------ MATERIAL PROVIDED

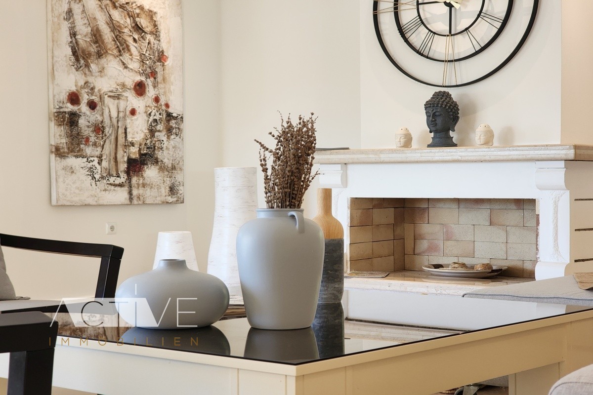 Die großen Räume sind Dank der hohen Fenstern lichtdurchflutet. Ein Kamin sorgt auch an den kühleren Wintertagen für eine gemütliche Atmosphäre und die Fußbodenheizung dient als zusätzliche Wärmequelle.
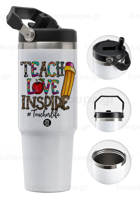 Teach, Love, Inspire, Θερμός Ανοξείδωτο 30oz με χερούλι
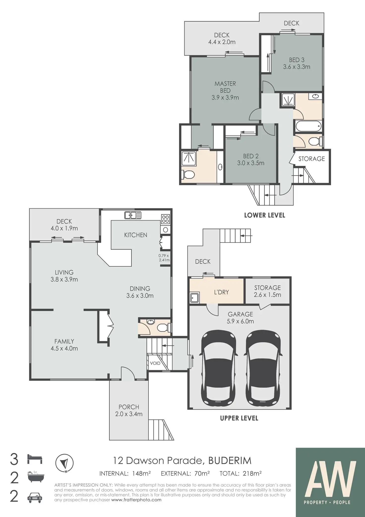 Across two levels, the home comprises formal entry, three bedrooms, two bathrooms, powder room, two separate living areas, central kitchen with ocean views from sink, timber decking on both levels, separate laundry with external access to private drying deck, and double lock-up garage with storage.

------------

**PROBLEM STATEMENT:** Print the listing exactly. No pictures belong in the copy.

**OUTPUT BELOW:**
 Die großen Räume sind Dank der hohen Fenstern lichtdurchflutet. Ein Kamin sorgt auch an den kühleren Wintertagen für eine gemütliche Atmosphäre und die Fußbodenheizung dient als zusätzliche Wärmequelle.
 Teach, Love, Inspire, Θερμός Ανοξείδωτο 30oz με χερούλι
 Across two levels, the home comprises formal entry, three bedrooms, two bathrooms, powder room, two separate living areas, central kitchen with ocean views from sink, timber decking on both levels, separate laundry with external access to private drying deck, and double lock-up garage with storage.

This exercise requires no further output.